Each pathway carries different types of costs. The costs of “incremental” advancement are familiar and arise from the need to apply an intensity of effort on a single site near the frontier of knowledge. Interdisciplinary collaboration generates costs that arise from the need to span distant knowledge domains. Different disciplines know different things, have different cultures, and use different languages. For example, proposals to advance computational social science by “integrating” explanatory research designs from the social sciences with predictive research goals from computer science are difficult precisely because each tradition evolved separately over decades. “Different values have led social and computer scientists to prefer different methods from one another, and to invoke different standards of evidence” (Hofman et al. Reference Hofman, Watts, Athey, Garip, Griffiths, Kleinberg and Margetts2021, 181). Innovation in this case is in the effort to bridge—to concatenate—sub-innovations across distinctive cultures.
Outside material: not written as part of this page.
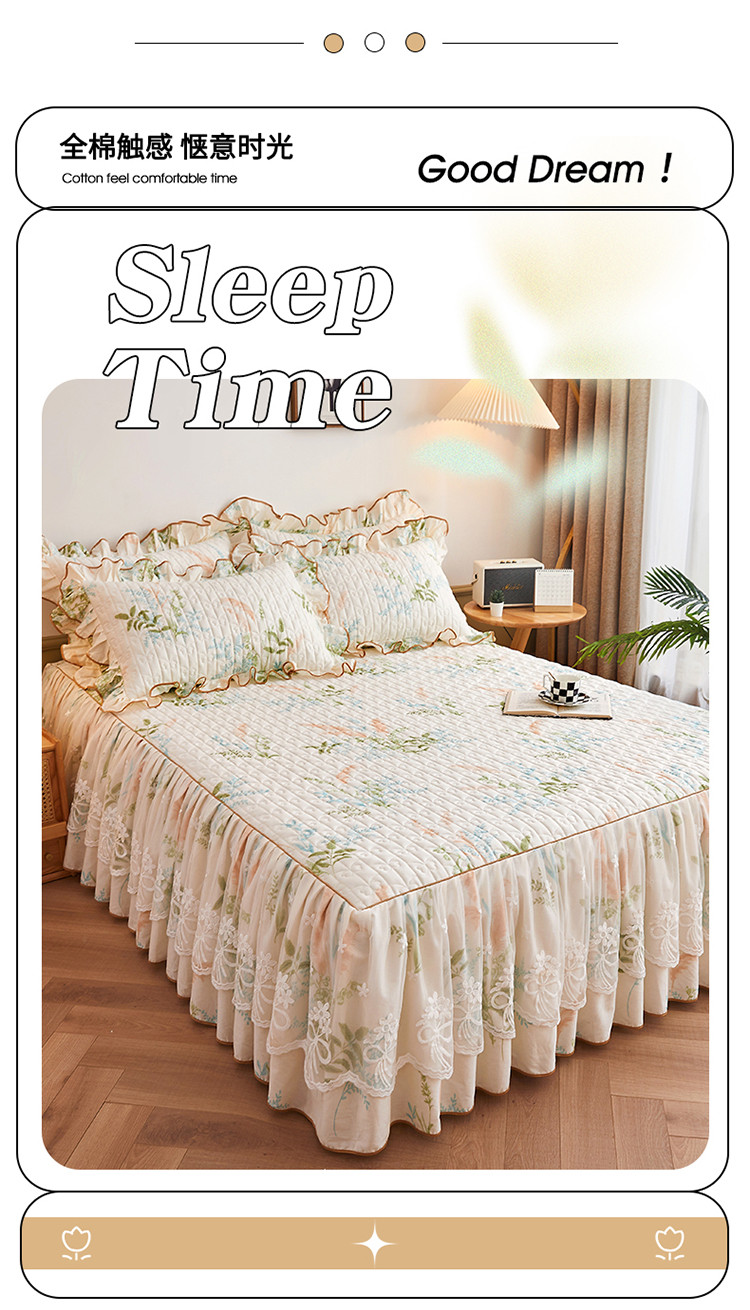 商品名称:宜凡 2023新款四季款全棉夹棉床裙三件套 茗香玉露

The challenges we face in the development of our data resources and practices pertain to the second pathway to innovation. Many advanced data technologies and practices are already known and used in other fields. They are available to us through intentional collaboration with experts from the relevant fields. Fortunately, many experts in FAIR, linked, and open data are service-oriented and have established institutions and initiatives to support communities like ours. GO FAIR is an initiative that supports the implementation of the FAIR data principles. It includes an international office in Leiden, and several national offices distributed across Europe, North America, and South America (Meyers 2025). Also, the Center for Open Science offers frameworks and tools to aid communities like ours which seek to enhance our open data norms and practices. Our collaborative spirit must also extend to include communities with expertise in ethical and legal data practices (Döring forthcoming).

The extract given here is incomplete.